Курение, конечно, шло рука об руку с ожиданием и было важным компонентом атмосферы кафе. Плотная завеса дыма висела над собравшимися и почти застилала большое зеркало, висевшее на дальней стене большого зала «Римского кафе», излюбленного места берлинской богемы во времена Веймарской республики. Курение не просто скрашивало досуг. Оно было типичным примером замещения: тем, кто уже допил свой кофе, тем, кого только что бросил возлюбленный, и тем, кто выпал из круга единомышленников, сигарета дарила чувство занятости и осмысленности. Я курю, следовательно, существую. Курение упорядочивало время, придавало ему ритмичность, структурировало разговоры, театрально подчеркивало мужественность или женственность, без него невозможно было представить интеллектуала, кроме того, оно было эротическим жестом, подчеркивающим таинственность незнакомки, сидящей со стаканом за своим столиком и окутанной голубоватой дымкой.

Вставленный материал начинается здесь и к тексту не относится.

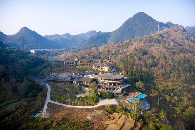 巴马赐福湖君澜度假酒店位于巴马县那桃乡,距巴马县城 10 公里,距百色巴马机场 80 公里。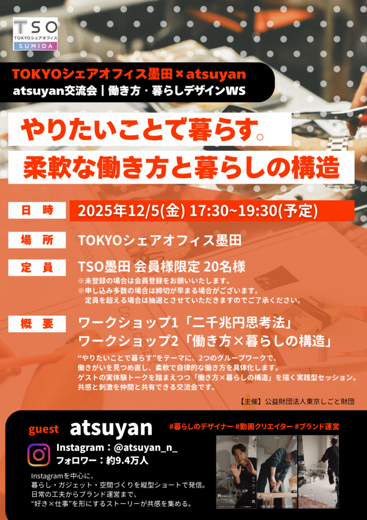なんとこの度、atsuyanさんによるワークショップ形式の交流会開催が決定しました👏👏

Курение было еще и игрой на публику, а на такой игре строилась вся жизнь кафе. Кафе служило сценой для того рода публичного зрелища, которое постоянно присутствует в репертуаре, но которое так сложно передать или зафиксировать — для создания собственного образа. Вернее будет сказать, что кафе не служит сценой, а задает мизансцену, атмосферу в целом; это не просто декорации, а среда, в которой есть место проявлениям гениальности и индивидуальности, безумия и духа товарищества. Оно стирает границы между тем, как ведут себя дома и на людях, между публичным и частным. Поэтому в лучших кафе царила необыкновенная атмосфера. Сидя в Café Stephanie, «можно было подумать, что где-то в здании есть электростанция, от которой посетители получают подзарядку. Они корчились, как от электрошока; они жестикулировали, маша руками влево, вправо и перед собой; они срывались со своих мест, откидывались в изнеможении и снова вскакивали на середине фразы с вытаращенными глазами, ведя бесконечный спор об искусстве»[86].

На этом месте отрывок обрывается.